Authors: Agatha Christie
—¿Un deber? —inquirí, nada convencido.
Judith se volvió hacia mí.
—Sí. Un deber. Es necesario el concurso de alguien de mente clara, que acepte la responsabilidad de la acción.
Boyd Carrington denegó con un movimiento de cabeza.
—¿Para acabar en el estrado de los acusados, como responsable de un asesinato?
—No es ineludible eso. Y de todas maneras, si usted ama a alguien sabrá encajar el riesgo.
—Bueno, bueno, Judith —medió Norton—. Ésa es una responsabilidad muy grave, casi aterradora...
—Yo no pienso igual.

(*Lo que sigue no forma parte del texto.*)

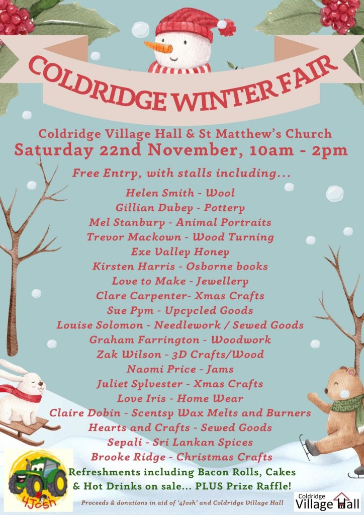 If you’re looking for unique gift ideas for family and friends ahead of the festive season then save the date and join our local artists, crafters and makers as we host the 2025 Coldridge Winter Fair at Coldridge Village Hall & St Matthew’s Church on Saturday 22nd November, between 10am and 2pm.

La gente tiene demasiado miedo a las responsabilidades. Aceptan éstas cuando se refieren, por ejemplo, a un perro... ¿Por qué no obrar lo mismo tratándose de un ser humano?
—Bueno... Eso es otra cosa muy distinta, ¿no?
Judith afirmó:
—Pues... sí. Es más importante.
Norton murmuró:
—Me deja usted sin aliento.
Boyd Carrington preguntó, curioso:
—En consecuencia, usted aceptaría el riesgo, ¿no?
—Creo que sí. A mí no me da miedo afrontar peligros.
Boyd Carrington volvió a mover la cabeza, convencido.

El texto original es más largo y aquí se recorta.